- **About this task**: From the material below, return exactly the lines starting at the one that holds "1922年新約全書 馬太福音 19 章 28 節到 20 章 12 節" and ending at the one that holds "Premium Cotton Medium". Pictures stay out of the answer.

- **Dataset entries**:
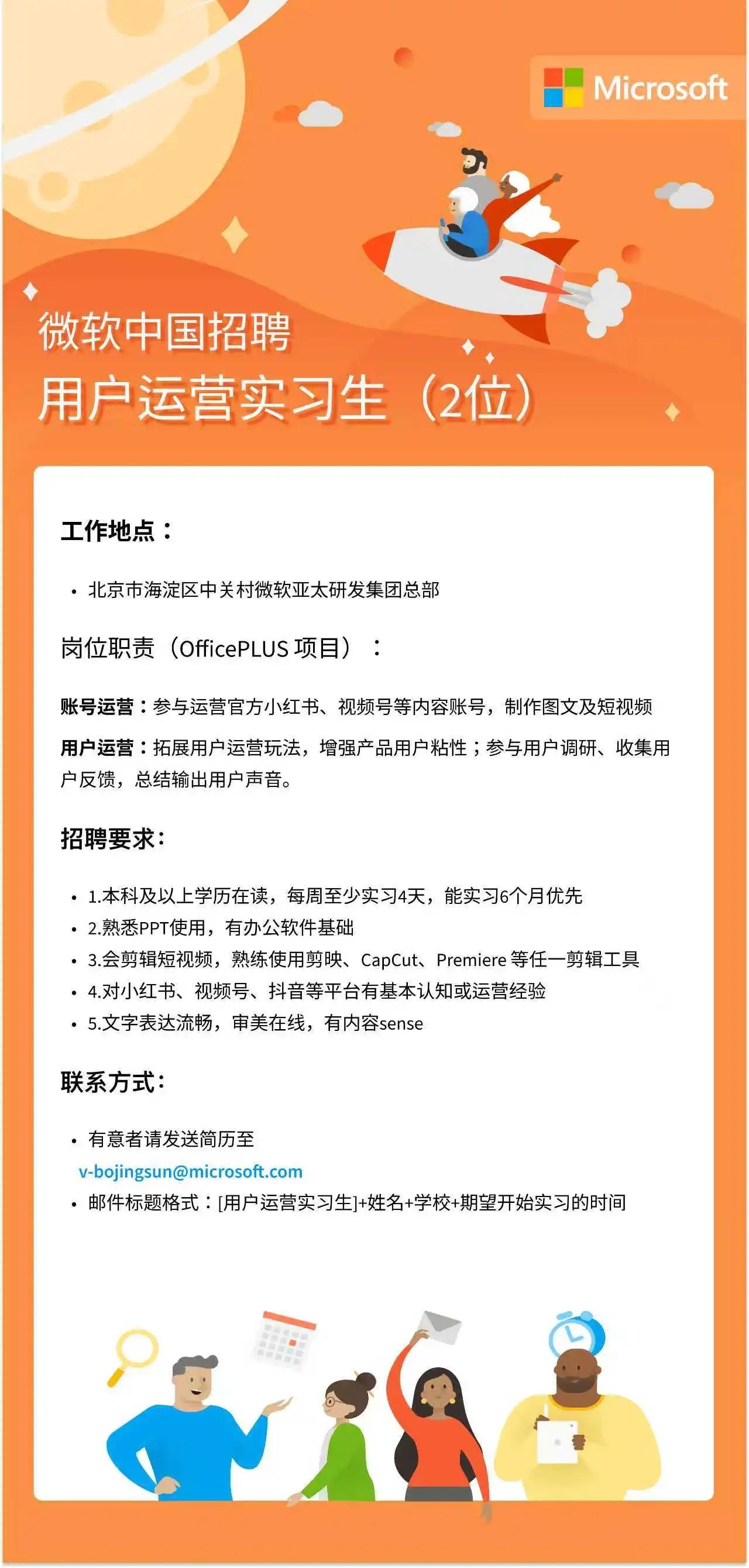微软(中国)有限公司招聘用户运营实习生
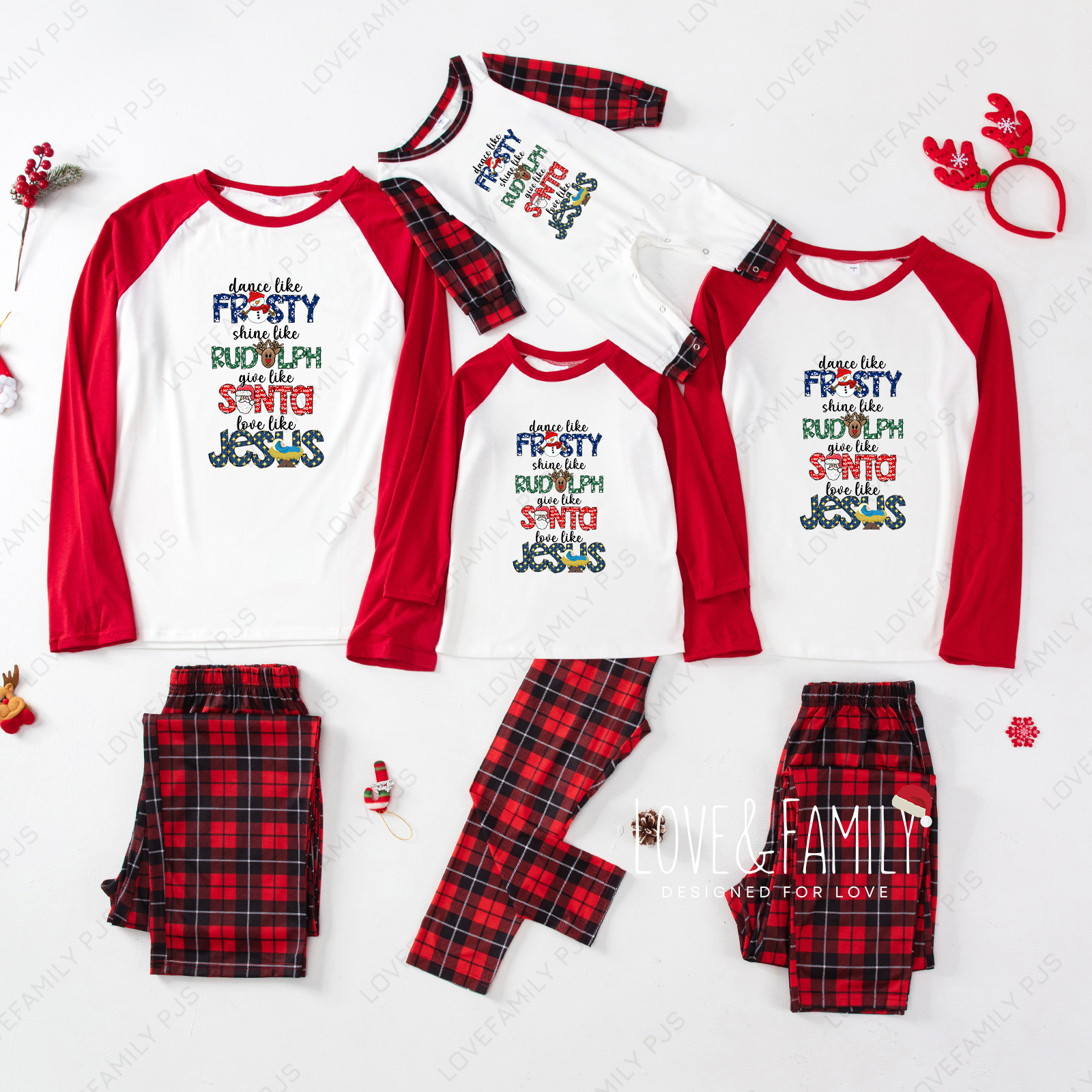 Dance Like Frosty, Love Like Jesus Family Red Plaid Pajamas Sets
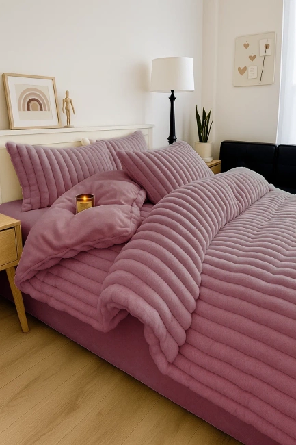 Pościel pluszowa zimowa miś tłoczona w grube szerokie pasy 160x200 3 el. różowa
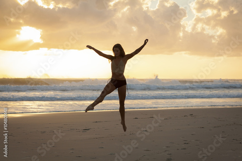 Obraz premium Ballet dancer on beach at sunrise.
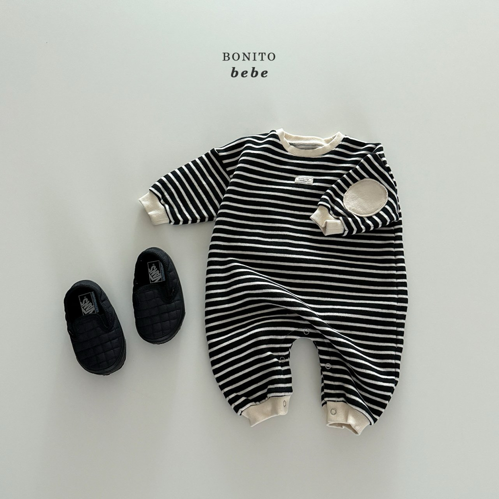 ❄️預訂 韓國直送❄️🇰🇷Bonito兩色貼布條紋拉絨長袖連身服
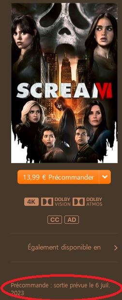 Bonjour, pourriez vous me dire quand le film scream VI sera disponible sur iTunes en français ?
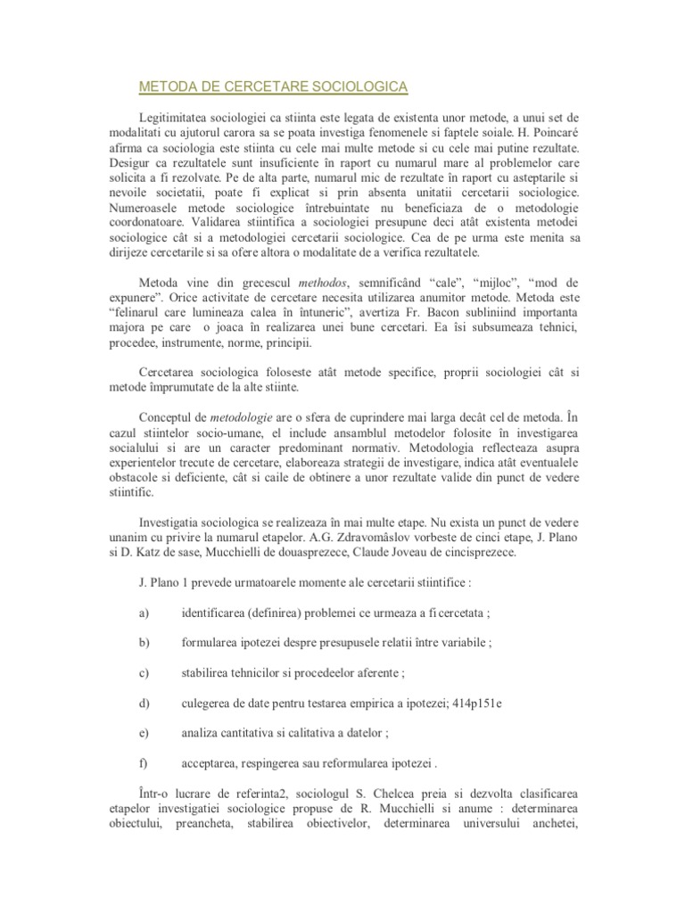 Referat Metode De Cercetare In Sociologie Sociologie 12539
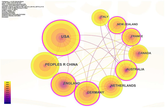 When viewed from a temporal distribution viewpoint, the number of research publications pertaining to plant-based meat substitutes demonstrated a general upward trend between 2013 and 2024. After 2019, related research expanded quickly. This could be because the world’s first plant-based meat company debuted on the NASDAQ in 2019, and the plant-based meat market has subsequently experienced explosive growth. The literature started to spread by 2022. The increased public emphasis on eating healthily may be connected to this. Because it has more protein and less fat than regular meat, plant-based meat is growing in popularity as an alternative. Figure 1 displays the number of relevant publications and their trend over time.
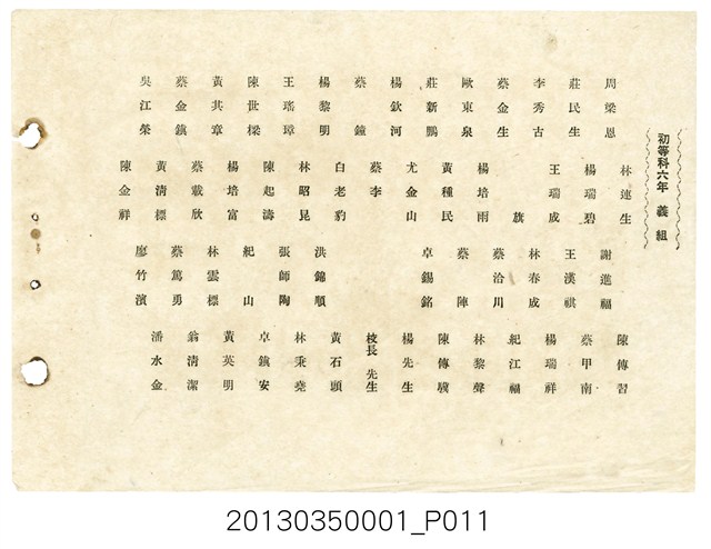 2013.035.0001 梧棲國民學校初等科高等科第1屆畢業紀念冊
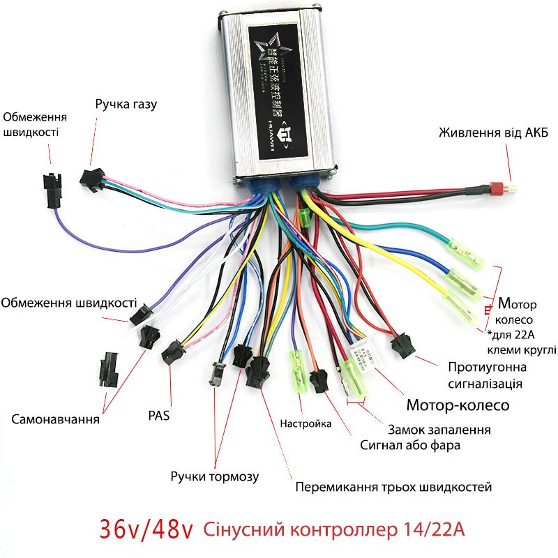 Контроллер для мотор колеса Huawei 36-48v-500 Вт 21А синусний
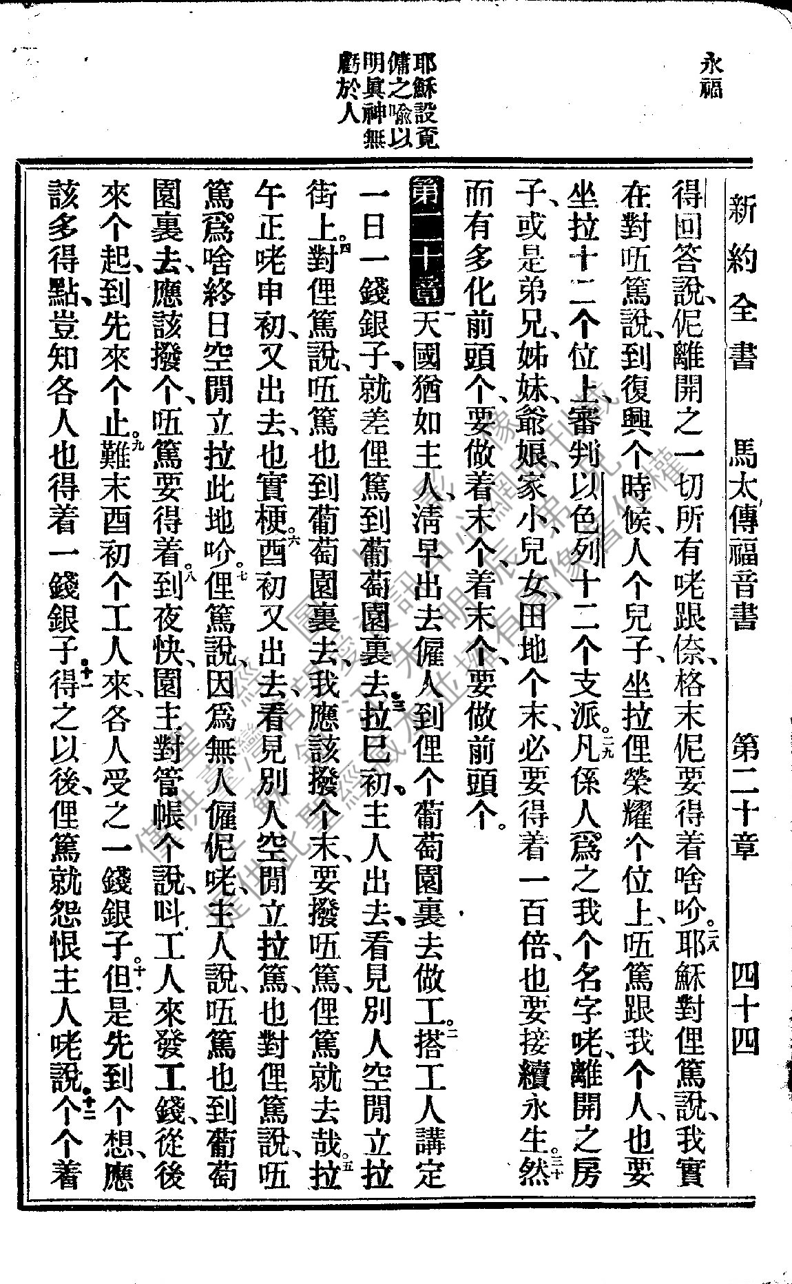 1922年新約全書 馬太福音 19 章 28 節到 20 章 12 節
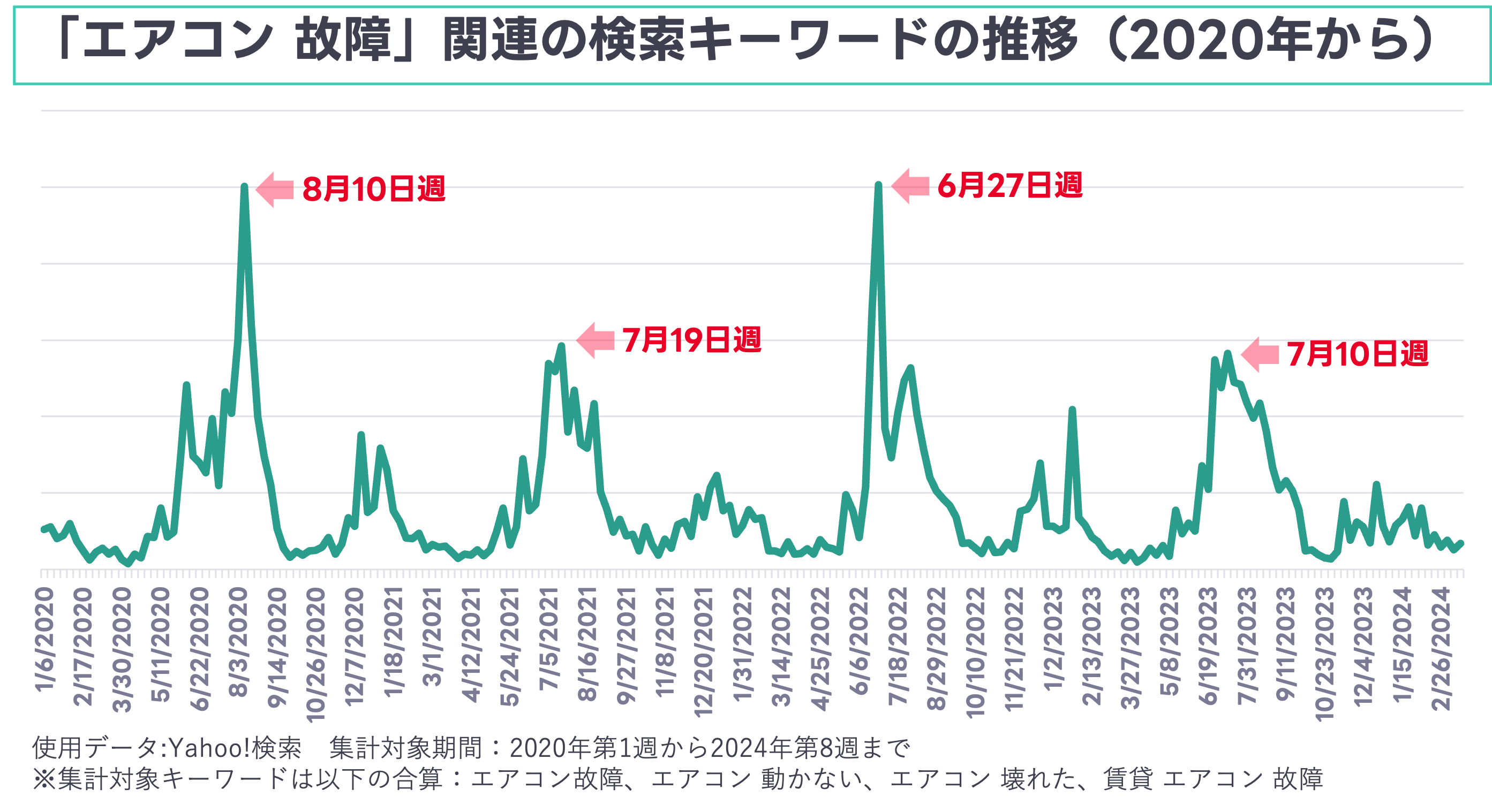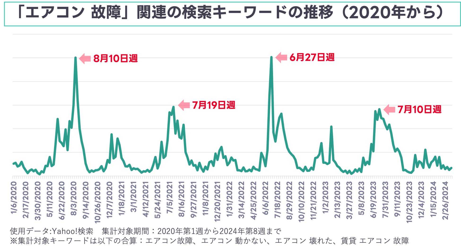 「ヤフー・データソリューション」でエアコンの故障に関する2020年以降の検索数推移を分析したところ、どの年もピークが7月頭~8月に位置しています。エアコンの故障に関する検索が増えるということは、修理や買い替えの需要も同じ時期に増えると推測できます。
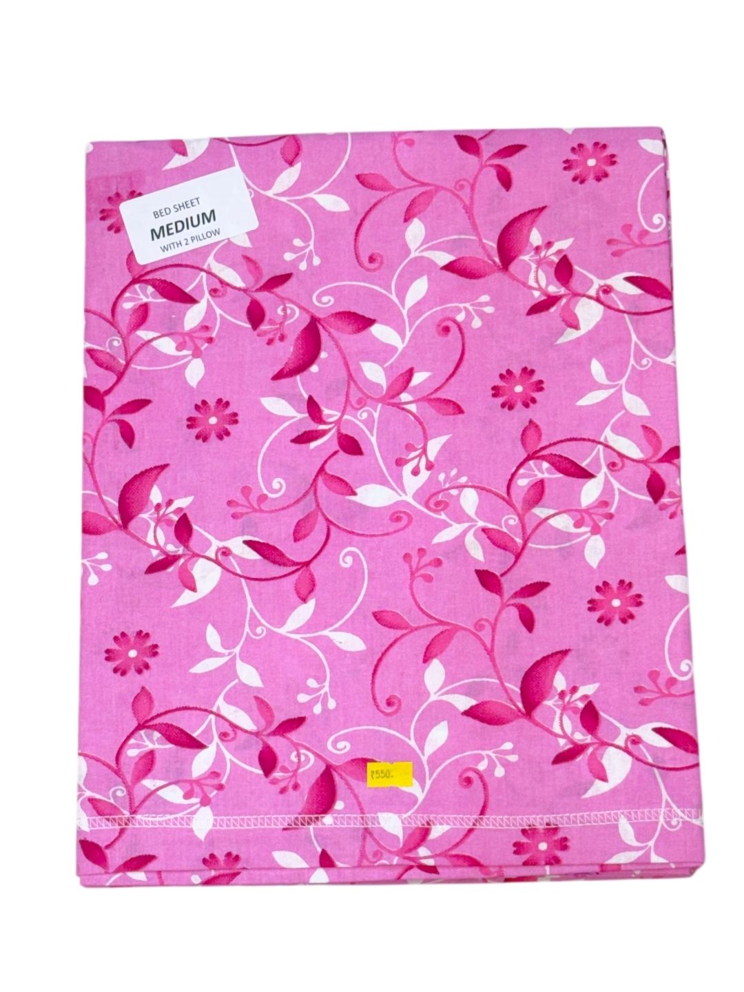 Premium Cotton Medium Size Bedsheet with 2 Pillow Cover | PINK
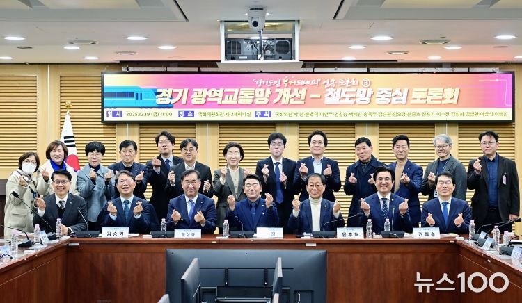 뉴스100 김동초 기자 | 경기도가 수도권 교통 문제를 해결을 위한 철도망 중심의 정책적 대안을 논의하기 위해 박정 국회의원 등 14명의 국회의원과 함께 공동으로 정책토론회를 열었다.
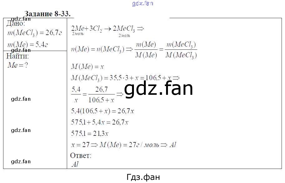 Проверка домашнего задания всегда занимает большое количество времени. На помощь приходит ГДЗ фан по Химии девятого класса. Здесь собраны популярные ответы на 8-33 (стр. 74) Химия 9 класс задачник Кузнецова Н.Е.
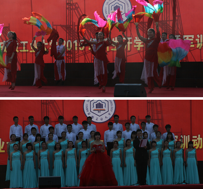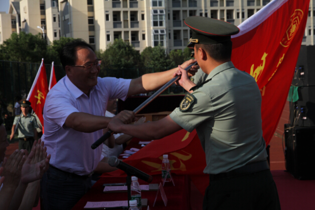 本次军训全体新生组成了一个军训师,下属3个军训团,会上,军训师师长以及3个军训团团长分别从校党委书记刘新跃手中接过了师、团旗。
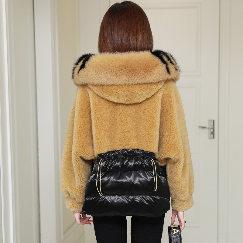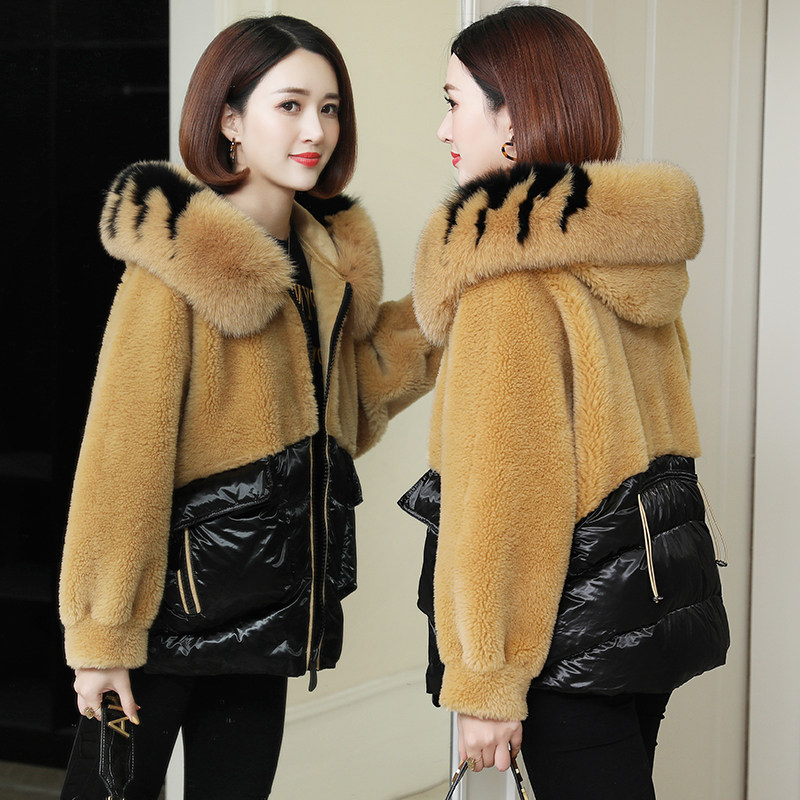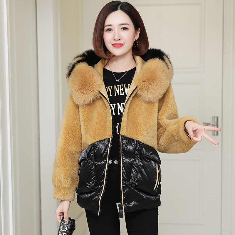 zqqz sheep cut velvet big coat female short fox fur collar new grain wool leather straw jacket down jacket 8006
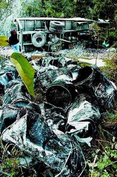 前天1時50分,一輛車牌號為桂GA1416的解放牌平頭大貨車在金秀瑤族自治縣七建鄉(xiāng)至三角鄉(xiāng)途中翻下約60米高的山坡,滑下金秀河道。車上載著的100桶共20噸三氧化二砷(俗稱砒霜),有33桶跌入河道,其中30桶不同程度破損,少量砒霜散落河水中,其余67桶翻在山坡上。目前,此事已經(jīng)上報(bào)中央和國務(wù)院,中央政治局常委、國務(wù)院副總理吳邦國要求迅速妥善處理好此事。

- **Solution to this exercise**:
 1922年新約全書 馬太福音 19 章 28 節到 20 章 12 節
 「ヤフー・データソリューション」でエアコンの故障に関する2020年以降の検索数推移を分析したところ、どの年もピークが7月頭~8月に位置しています。エアコンの故障に関する検索が増えるということは、修理や買い替えの需要も同じ時期に増えると推測できます。
 Premium Cotton Medium Size Bedsheet with 2 Pillow Cover | PINK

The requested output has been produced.